I've been dealing with a lot lately, and I just don't know how to deal with it all. Within a month and a half I was diagnosed with diabetes, pancreatitis, and an enlarged liver. I've had a bunch of tests done; an ultrasound, a CT scan, a colonoscopy, and an endoscopy. They found nothing from any of these tests. The doctor told me that the pancreatitis was likely caused by stress, and the enlarged liver is because I'm overweight. He even took biopsies during the last 2 tests, and they all came back normal.

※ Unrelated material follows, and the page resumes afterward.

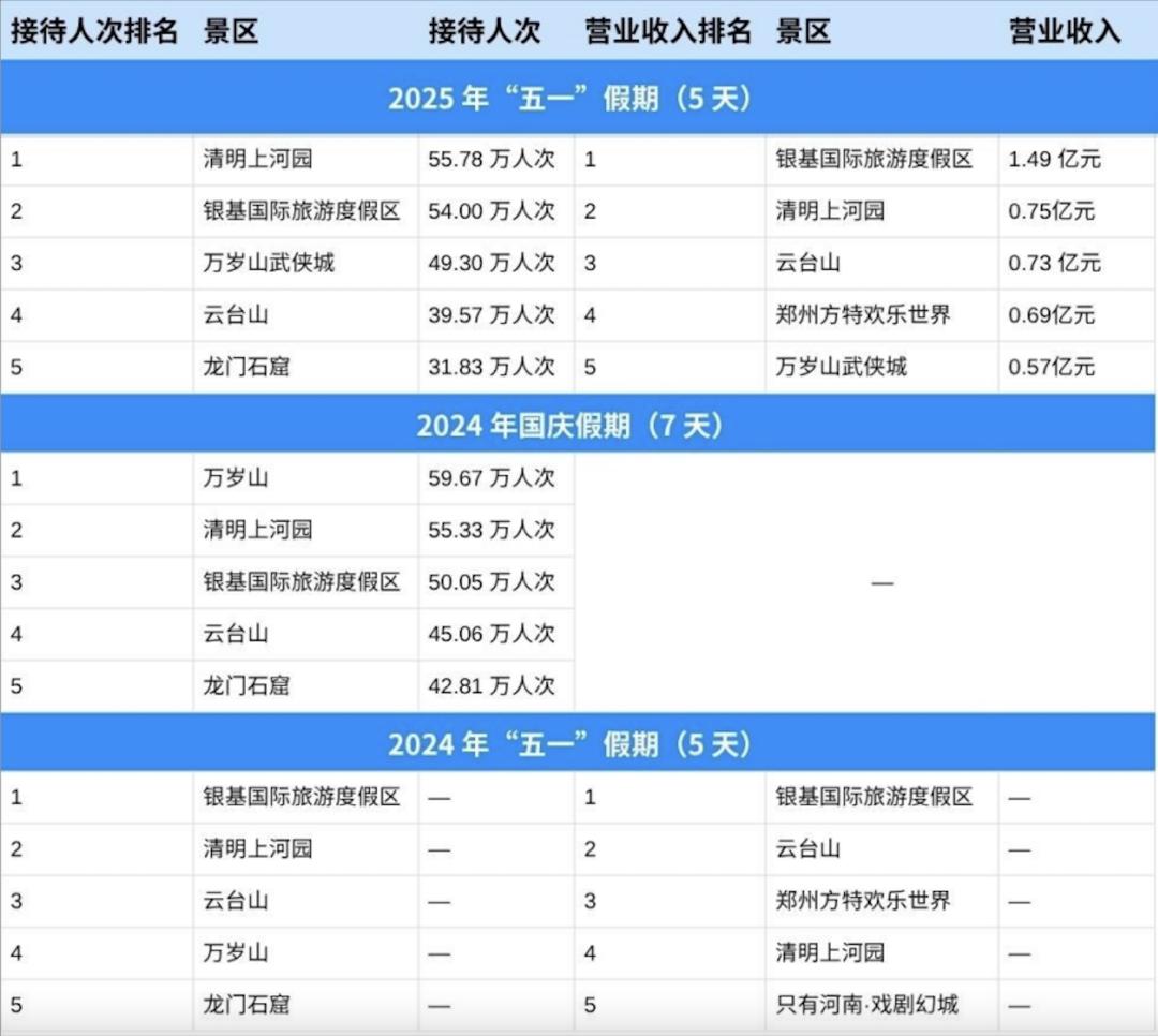 而根據(jù)河南省文化和旅游廳公布的數(shù)據(jù),近兩年主要公共假期的客流量及收入前五名中,總少不了這三個(gè)主題景區(qū):清明上河園、萬歲山武俠城、只有河南·戲劇幻城。
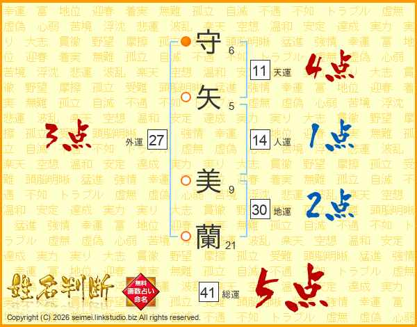 守矢美蘭さんの総運は41画の5点!

I feel depression creeping back on me. Well, not so much creeping as pouncing on me. Besides all the health stuff, work has been stressful. I feel some animosity because of all the time I've taken off for appointments and because I was sick. I generally just feel unhappy with my job now, though it's been suggested that I might just be worn our after everything else that's happened lately. But I don't feel happy with my work, I feel like I'm always fighting to keep on top of things. Even worse, I feel no satisfaction or enjoyment in my job. But I don't know what to do about that yet, or even how to decide what to do.
I just don't know how to cope with all of this. You'd think after so many years of depression I'd have some way of coping, but I don't know what to do. Nothing interests me, nothing is fun. All I want to do I'd stay home and sleep. I'm out of ideas. Help?